Thanks for the reply! Although at $99 the RAK833 does work out cheaper than your board by the time you have added GPS and a PCB it costs more than your board by my calculations. Also, a big factor is your board is completely open source! Of course the RAK833 is a good future option and might become even cheaper as it becomes more widely used! It won’t fit on a Pi Zero like your new board though. and your board just has an aesthetic appeal to it (it looks good).
I have both your board and the RAK833. Both are very stable but I had to add an external GPS module to the RAK. Also getting a board with PCI-e and suitable for a gateway ends up taking the price much higher. Performance wise, they are at par but total cost of ownership of a complete gateway is lower with your board as @LouisP pointed out.
While the idea of a full config gateway on the RPi zero is attractive, what options for internet connectivity does the RPi Zero provide?
@aizukanne The Pi Zero W provides wifi and Bluetooth built in and USB ethernet adapters are available for all Pi Zeros. However, you may be limited by the processor for some projects, instead having to switch over to a Pi 3.
I think the processor is not really limit here, the CPU usage is very low for pkg forwarder .
The main reason is to build a tiny GW able to take around with me, and setup a test bench.

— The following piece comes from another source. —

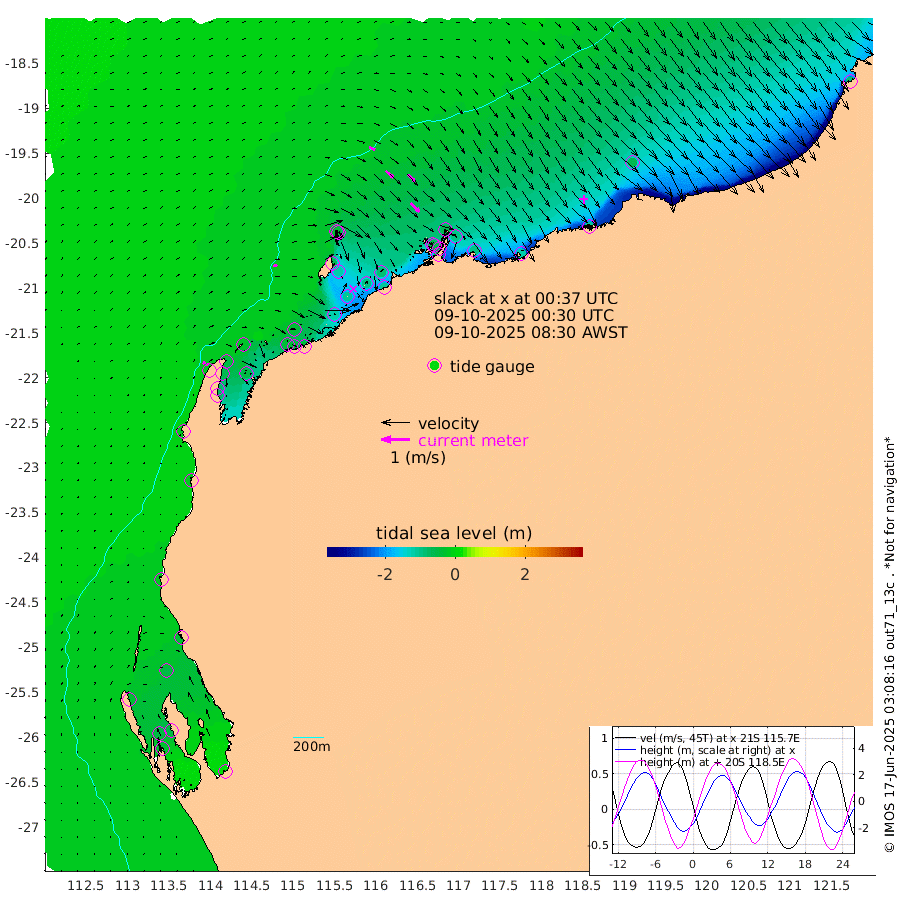 15cm/s 71T +12cm/s rms + 5cm/s -173T. NWSBAR 206m 10cm/s 44T +22cm/s rms + 10cm/s -148T. TAN100 109m 22cm/s 111T +11cm/s rms + 8cm/s -129T. PIL200 208m 37cm/s 131T +13cm/s rms + 7cm/s -137T. PIL100 105m 44cm/s 134T +12cm/s rms + 2cm/s -92T. PIL050 55m 10cm/s 50T +18cm/s rms + 4cm/s -149T. NRSNIN 61m 35cm/s 136T +6cm/s rms + 3cm/s 112T. NW Shelf M6 65m -40cm Withnell Point -50cm Denham -45cm Shark Bay (Inr Bn) -46cm Shark Bay -37cm Useless Loop 11cm Hamelin Pool -40cm Carnarvon -14cm Cape Cuvier -13cm Coral Bay -16cm Norwegian Bay -70cm Badjirrajirra -17cm Tantabiddi -46cm Point Murat -62cm Exmouth -71cm Learmonth -46cm Y Island -29cm North Muiron Island -35cm Roller -34cm Ashburton North -44cm Onslow (Beadon Creek) -36cm Thevenard Island -113cm Large Island -111cm North Sandy Island -63cm Barrow Island (Wapet Landing) -115cm Barrow Island (Tanker Mooring) -66cm Withnell Bay -68cm Trimouille Island -44cm North West Island -111cm Fortescue Road -79cm Steamboat Island -94cm Sholl Island -69cm Fairway Beacon -65cm Mawby Island -66cm Dampier (King Bay) -63cm Cape Legendre -93cm Hauy Island -93cm Port Walcott (Cape Lambert) -118cm Depuch Island -107cm Port Hedland -62cm Bedout Island -87cm Lagrange Bay

Pair with USB to RPI Zero makes it alot portable
Hey @will3509111 , I bought one of your new compact boards. It works great.
However there is a single LED next to the header rpi header, labelled D6, what does it do? I can’t seem to find the schematics for the board on github.
Hi @txf,
D6 is just a LED connected to RPI’s GPIO21 (High -> on), because there’s some space left, I wanna have some indicator that is RPI controllable, it may be useful if you are gonna program on RPI zero.
Sch and Pcb will on Github later. Recently I watched eevblog’s video about sch files drawings,
I think I need some more work to clear up the sch files.
@will3509111, I have ordered one of your boards (same size as PiZero). While waiting for it to arrive, can you describe how well is the SX1308 thermally bonded to the PCB. I’m thinking of connecting a heatsink to the underside of the PCB to cool the SX1308.
Vias, a lot of Via under the chip.
There’s also a complete ground plane, which act as heat sink.
I think it is fine with the heat sink I shipped with the board though.
@will3509111, gateway just arrived only took 10 days. Really happy with that.
It looks great, a nice piece of design work. I do like it has a Standard SMA antenna connector, none of this RP stuff!!
Next step is to test its thermal performance.
@will3509111. tried to set up the gateway using the pi zero w. However I got stuck when following your TTN network setup. I’m not able to generate the gateway ID using the skript update_gwid.sh becaus there is no eth0 on my pi zero w enabled. Do I miss something?
I’m very happy with my gateway so far. The only problem is that it seems to get halted from time to time. I don’t know if it’s software issue. But it seems so. I reboot the packet forwarder and everything goes back to normal.
Versions 3 and 2 mention stacking PI hats including the PoE hat is possible but you might want to disable the GPS if another HAT/shield is using the UART pins https://github.com/will127534/LoRa-concentrator
Specifically this one uses GPIO 7,8,9,10,11 (SPI bus) and 25 so you can probably still use a I2C or PWM shield.
the packet forwarder is a pretty small bit of code. Why does this need to run on something as big as a raspberry pi. How about running on a moderate microprocessor running FreeRTOS + TCP?